__Exercise directions__. Take the records below and extract, word for word, the lines from the one containing "2012年3月16日(金)に" through the final line, inclusive. Omit pictures.
── Supplied information
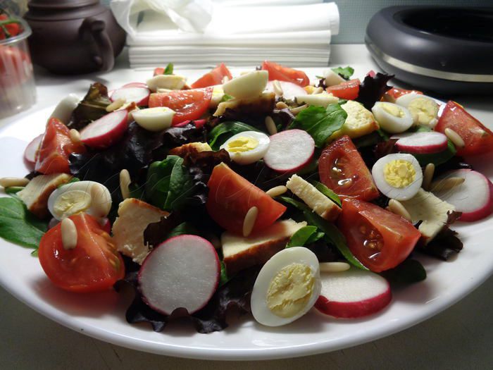 7. Украсить салат кедровыми орешками. Посолить и поперчить. Салат "Космополит"
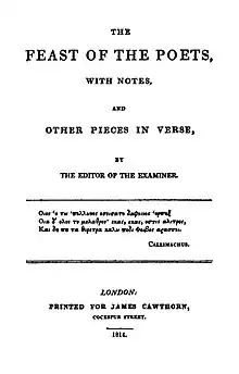 The Feast of the Poets is a poem by Leigh Hunt that was originally published in 1811 in the Reflector. It was published in an expanded form in 1814, and revised and expanded throughout his life (see 1811 in poetry, 1814 in poetry). The work describes Hunt's contemporary poets, and either praises or mocks them by allowing only the best to dine with Apollo. The work also provided commentary on William Wordsworth and Romantic poetry. Critics praised or attacked the work on the basis of their sympathies towards Hunt's political views.
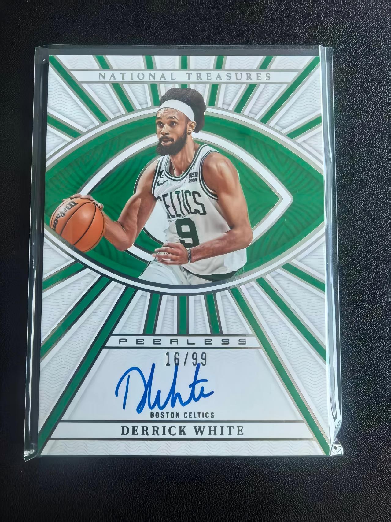 2022-23 Panini National Treasures 国宝系列德里克·怀特 Peerless权势之眼签字卡,限量16/99编,凯尔特人球员,带原装卡膜保护,卡面设计精美,品相如图!
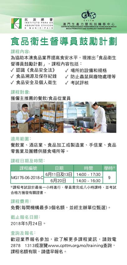 六月份课程开始接受报名,报名日期至五月二十四日,欢迎有兴趣的食品业界参加。有关课程信息或报名详情可浏览澳门生产力暨科技转移中心网站www.cpttm.org.mo/training、民署食品安全信息网www.foodsafety.gov.mo,或可致电2878 1313查询。
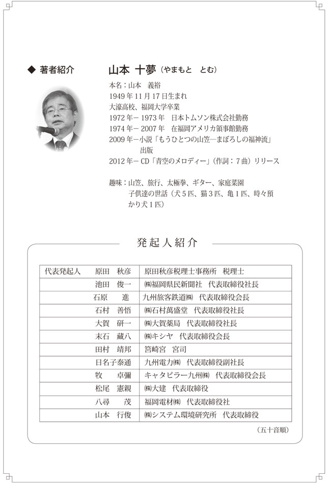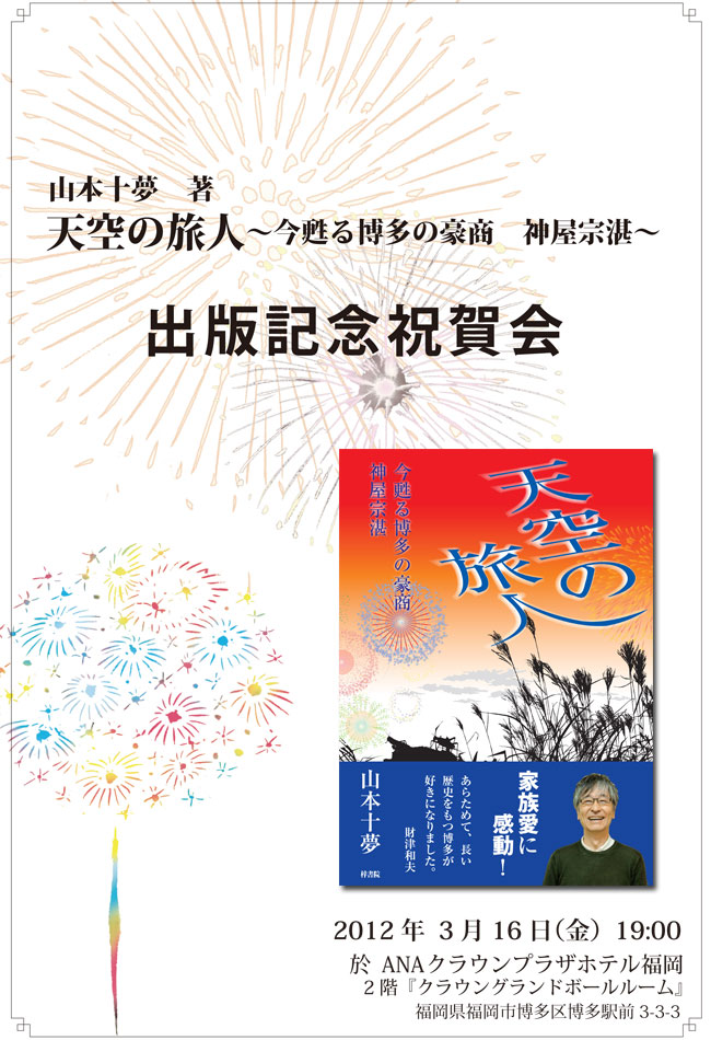 2012年3月16日(金)にANAクラウンプラザホテル福岡にて山本十夢著『天空の旅人~今甦る博多の豪商 神屋宗湛(そうたん)~』出版記念祝賀会が開催されます。
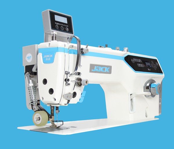 Eennaald, naaldtransport naaimachine met puller. De jack A6F heeft een energie zuinige, ingebouwde servomotor. De werkruimte onder de arm is 30cm.
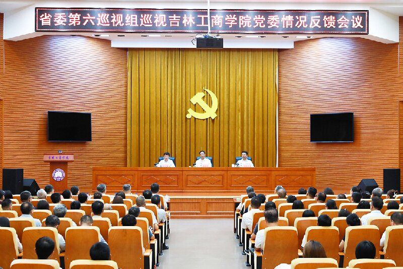 根据省委部署,2025年8月1日,省委第六巡视组向吉林工商学院党委反馈了巡视情况。组长张国华分别向吉林工商学院党委书记张吉锋和学院党委领导班子进行会议反馈,会议传达了省委书记黄强在听取十二届省委第六轮巡视综合情况汇报时的讲话精神。张吉锋主持向领导班子反馈会议并作表态发言。
────
__Exercise result__.
 2012年3月16日(金)にANAクラウンプラザホテル福岡にて山本十夢著『天空の旅人~今甦る博多の豪商 神屋宗湛(そうたん)~』出版記念祝賀会が開催されます。
 Eennaald, naaldtransport naaimachine met puller. De jack A6F heeft een energie zuinige, ingebouwde servomotor. De werkruimte onder de arm is 30cm.
 根据省委部署,2025年8月1日,省委第六巡视组向吉林工商学院党委反馈了巡视情况。组长张国华分别向吉林工商学院党委书记张吉锋和学院党委领导班子进行会议反馈,会议传达了省委书记黄强在听取十二届省委第六轮巡视综合情况汇报时的讲话精神。张吉锋主持向领导班子反馈会议并作表态发言。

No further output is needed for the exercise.